Она приехала жить из соседней Покровки и многого не знает.

– Семь лет, но с перерывами, – поправилась Катерина. – За всё время года три пожил дома, приезжал, а как раны открывались – снова в госпиталь. В пятидесятом, помню, чуть не год пробыл.

– Приезжал… – протяжно повторила она, – а то бы откуда моим ребятишкам взяться. Вон они – свидетели мои.

– Туберкулёз костей, а вы такое, – округлила глаза Аксюта, – настрогали с Василием.

Отца нет в избе, он, позавтракав, ушёл в свой сарайчик и оттуда уже слышен стук его неутомимого молотка о жестянку.

Шурка смотрел на Надюху с Петькой, которые были заняты своим делом: отвоёвывали друг у друга место в углу за столом – там лавка шире и рядом окошко, и думал: «Они свидетели, а я – кто? Свидетель чего?»

Эта мысль возникла случайно и он не знал, что с ней делать.

Она крутилась и не уходила из головы. Ему стало стыдно. Неужто мама догадается, что он так может думать? «Только бы Аксютка, только бы она так не подумала и не спросила маму, ведь не глупая же совсем». Он поднял голову и увидел розовое, молодое Аксютино лицо, её озорные глаза.

– Ох, и ребятишки у тебя молодцы!
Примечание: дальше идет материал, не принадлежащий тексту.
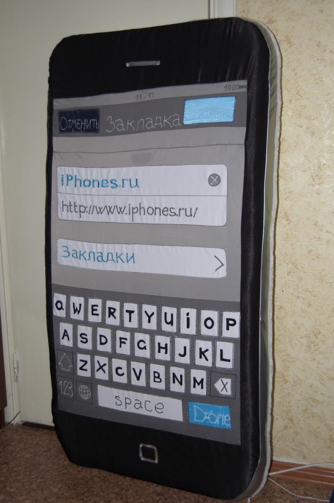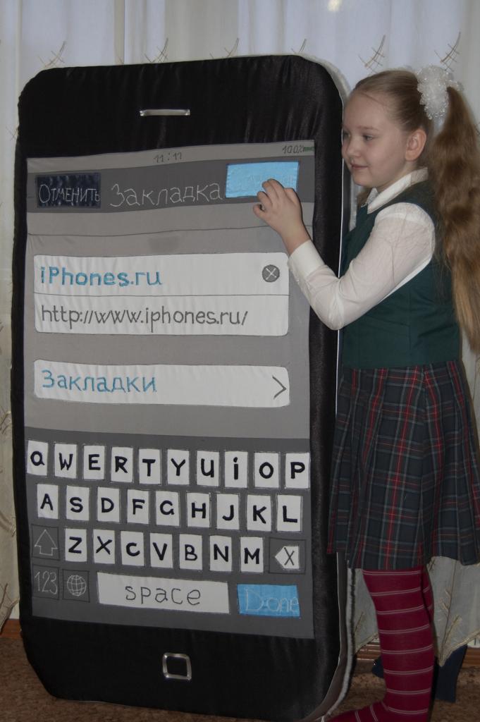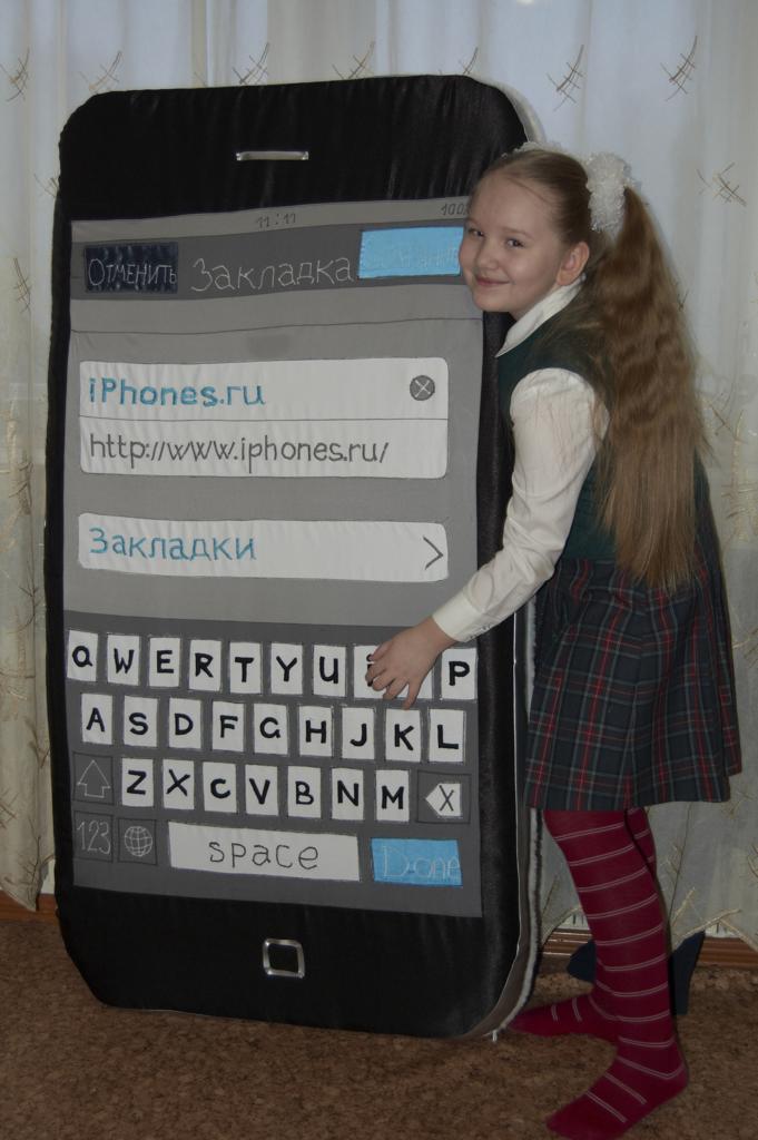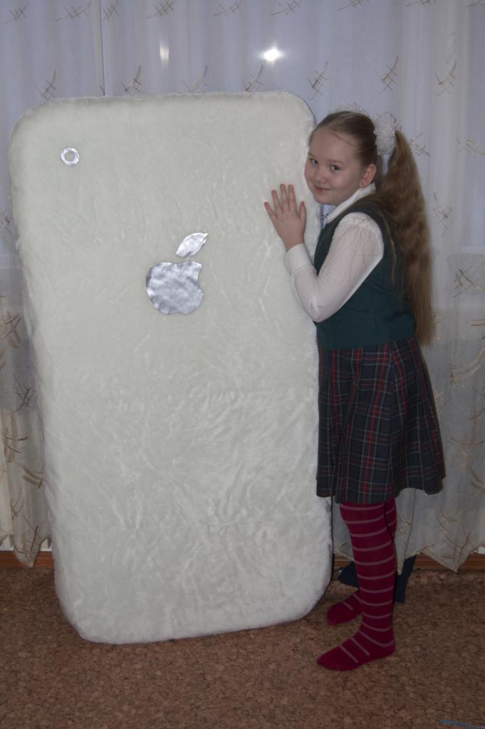 Посмотрев мою работу вы сможете судить о том, до каких размеров доросла моя мечта об iPhone 3gs (для сравнения, я сфотографировала его рядом с моей дочкой – первоклассницей), больше чем в 13 раз.

Все такие разные! Эти белявые, а Шурка – чернявый и волосы вьются. Вот погоди годков десять: все девки твои будут, ей-богу, – говорит она заразительно, – вишь какие у тебя губы толстые!

Шурка, не зная, как себя вести, сидел молча.
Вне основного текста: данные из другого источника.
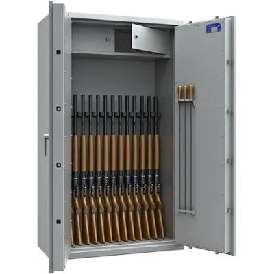 Waffenschrank ST GALLEN WF 04 Waffenschrank ST GALLEN WF 04 Zur Abbildung kommt Waffentresor St Gallen WF 04 Auf dem Foto können teilweise Sonderausstattungen gegen Mehrpreis mit abgebildet sein. Waffentresor St Gallen WF 04 Sicherheitsstufen: Klasse 1 nach EN 1143-1 Grad 1 Brandschutzklassen: Kein zertifizierter Brandschutz / Feuerschutz Außenmaße (Höhe x Breite x Tiefe in mm): 1.550 x 915 x 430 (472 mm mit Griff) Innenmaße (Höhe x Breite x Tiefe in mm): 1.300 x 865 x 320 Anzahl Waffenhalter inkl.: 15 Rauminhalt (in Liter): 359,8 l Gewicht: 286,0 kg Grundpreis:1.619,44 € inkl. MwSt. Farbe RAL 6020, chromoxidgrünRAL 7024, graphitgrauRAL 7035, lichtgrauRAL 9006, weißaluminium Aufpreis für mechanische Revision über mechanisches Zahlenkombinationsschloss, Aufpreis für mechanische Revision über mechanisches Zahlenkombinationsschloss für die folgenden Elektronikschlösser Stellar Business und Stellar Basic. Elektronikschloss Modell Stellar Basic, 12 mm vorstehend, Elektronikschloss Modell Stellar Basic, ohne Revision, mit 1 Mastercode, umstellbar, 12 mm vorstehend, statt des serienmäßigen Doppelbartschlosses, Stromversorgung durch 9-V-Blockbatterie. Elektronikschloss Modell Stellar Business, 12 mm vorstehend, Elektronikschloss Modell Stellar Business, mit 1 Master- und 9 Benutzercodes, ohne Revision, mit Ereignisspeicher für bis zu 32 Ereignisse, durch LED's auslesbar, 12 mm vorstehend, statt des serienmäßigen Doppelbartschlosses, Stromversorgung durch 9 V Blockbatterie. Elektronikschloss TULOX 100, Flash 5, mit Notschlüssel, Elektronikschloss Tulox 100, Flash 5, mit 1 Master- und 8 Benutzercodes, mit Notöffnungsschloss und 1 Notschlüssel, Notschlüsselloch verdeckt, 35 mm vorstehend, Batteriebetrieb mit 4 Alkaline Mignon-Zellen (auch bezeichnet als Typ AA oder LR6), statt des serienmäßigen Doppelbartschlosses. Hergestellt in Deutschland. Mechanisches Zahlenkombinationsschloss La Gard Mechanisches Zahlenkombinationsschloss La Gard 3390, 12 mm vorstehend, statt des serienmäßigen Doppelbartsicherheitsschlosses. Beschlag CS 1780 - perfekte Bedienung für Ihr Zahlenkombinationsschloss Beschlag CS 1780, 30 mm vorstehend, perfekte Bedienung für Ihr Zahlenkombinationsschloss. Aufpreis für mechanische Revision über Doppelbartschloss mit 2 Schlüsseln, Aufpreis für mechanische Revision über Doppelbartschloss mit 2 Schlüsseln für die folgenden Elektronikschlösser: Stellar Business und Stellar Basic. Elektronikschloss Combi B 90 mit Notschlüssel von Dorma-Kaba Elektronikschloss Combi B 90, mit mechanischer Revision, mit einem Master- und 90 Benutzercodes, durch PC-Software und Kabel (Sonderzubehör) via Laptop auslesbar, mit Notschlüssel und Aluminiumbeschlag, 70 mm vorstehend, statt des serienmäßigen Doppelbartschlosses. Elektronikschloss Primor 3010 Lev 15 Elektronisches Zahlenkombinationsschloss mit 1 Master- und 9 Benutzercodes, mit verdeckter Notöffnungsmöglichkeit durch Doppelbartschloss mit 2 Schlüsseln, mit Tastatur FS, 49 mm vorstehend, statt des serienmäßigen Doppelbartschlosses, Hergestellt in Deutschland. Elektronikschloss Primor 3010 Lev 5 Elektronisches Zahlenkombinationsschloss mit 1 Master- und 1 Benutzercode, mit verdeckter Notöffnungsmöglichkeit durch Doppelbartschloss mit 2 Schlüsseln, mit Tastatur FS, 49 mm vorstehend, statt des serienmäßigen Doppelbartschlosses, Hergestellt in Deutschland. Elektronikschloss Primor 3000 Lev 5 Elektronisches Zahlenkombinationsschloss mit 1 Master- und 1 Benutzercode, mit Tastatur FS, 49 mm vorstehend, statt des serienmäßigen Doppelbartschlosses. Hergestellt in Deutschland. Elektronikschloss Primor 3000 Lev 15 Elektronisches Zahlenkombinationsschloss mit 1 Master- und 9 Benutzercodes, mit Tastatur FS, 49 mm vorstehend, statt des serienmäßigen Doppelbartschlosses. Hergestellt in Deutschland. Schlossvarianten - Auswählen / Zurücksetzen -Elektronikschloss Combi B 90 mit Notschlüssel von Dorma-Kaba zum Preis von 383,28 € Elektronikschloss Modell Stellar Basic, 12 mm vorstehend, zum Preis von 135,18 € Elektronikschloss Modell Stellar Business, 12 mm vorstehend, zum Preis von 157,81 € Elektronikschloss Primor 3000 Lev 15 zum Preis von 342,05 € Elektronikschloss Primor 3000 Lev 5 zum Preis von 326,19 € Elektronikschloss Primor 3010 Lev 15 zum Preis von 387,68 € Elektronikschloss Primor 3010 Lev 5 zum Preis von 357,94 € Elektronikschloss TULOX 100, Flash 5, mit Notschlüssel, zum Preis von 319,72 € Mechanisches Zahlenkombinationsschloss La Gard zum Preis von 142,00 € 12345678910 Aufpreis für mechanische Revision über mechanisches Zahlenkombinationsschloss, zum Preis von 135,34 € Aufpreis für mechanische Revision über Doppelbartschloss mit 2 Schlüsseln, zum Preis von 50,49 € Aufpreis für mechanische Revision über mechanisches Zahlenkombinationsschloss, zum Preis von 135,34 € Aufpreis für mechanische Revision über Doppelbartschloss mit 2 Schlüsseln, zum Preis von 50,49 € Beschlag CS 1780 - perfekte Bedienung für Ihr Zahlenkombinationsschloss zum Preis von 46,89 € Hängegriff VESTA für Combi B 90 zum Preis von 47,01 € Staufach, auf Türverkleidungsblech, Je 1 Staufach, höhenverstellbar, auf Türverkleidungsblech. Trennwand mit 3 höhenverstellbaren Fachböden, Trennwand, mit 3 verstellbaren Fachböden, statt vollständigem Waffenteil (Zahl der gewünschten Waffenhalter bitte angeben). Die dadurch wegfallenden Waffenhalter werden mitgeliefert, so dass ein späteres Umrüsten auf Waffenhalter möglich ist. Spezial-Waffenhalter aus Vollgummi, Spezial-Waffenhalter aus Vollgummi, mit hohem Kautschukanteil, 65 mm breit (10 mm breiter als der serienmäßige Halter), statt des serienmäßigen Schaumstoff-Waffenhalters. Waffenschrankzubehör - Auswählen / Zurücksetzen -Spezial-Waffenhalter aus Vollgummi, zum Preis von 11,00 € Staufach, auf Türverkleidungsblech, zum Preis von 10,95 € Trennwand mit 3 höhenverstellbaren Fachböden, zum Preis von 124,20 € 12345678910 S

– Аксютка, уйди, а то я тебя сейчас ухватом охажу, глупости разводишь, – весело шумнула Шуркина мать.

– Всё-всё, всётышки, и так угли мои тухнут!

Подхватила с шестка свой чумазый чугунок и через секунду была в сенях. А чуть позже её голос уже доносился со двора – она разговаривала с Василием Фёдоровичем. И чему-то опять громко смеялась…

Зимним вечером

У Головачёвых играли в лото. Шурка был рад, что остался ночевать у деда. Ему нравилось смотреть, как играют, а иногда случалось и самому участвовать. Играли спокойно и дружелюбно. За окном синел февральский поздний вечер. Замёрзшие окна и подвывание ветра делали особенно уютной большую переднюю, где шла игра. Игроки сидели за столом посредине комнаты, а Шурка лежал на кровати и наблюдал за взрослой забавой.

Сегодня пришёл Сашка Мазилин и всё стало немножко по-другому. Смешливый и необидчивый, он всегда в центре внимания. Мешочек с бочонками у Мазилина.

– Козьи ноги! – зычно провозглашает Сашка.

– Говори по-людски, – сердится Пупчиха, соседка Головачёвых.

– Одиннадцать, – подсказал дядька Серёжа, оставивший свои учебники ради игры.

– Сашка, ты какой-то неправильный, – паникует Пупчиха, – брось люсить!

– Салазки! – продолжает «кричать» Мазилин.

– А это у нас что? – вновь переспросила суматошно Пупчиха.

– Шестьдесят шесть, – поправился Мазилин и продолжил: – Тудыль-судыль, что означает для неграмотных обнаковенные шестьдесят девять.

– Кончила, кончила низом! – радостно взметнула пухлые белые руки Пупчиха, – кончила, как ты ни хитрил-мудрил, Сашка!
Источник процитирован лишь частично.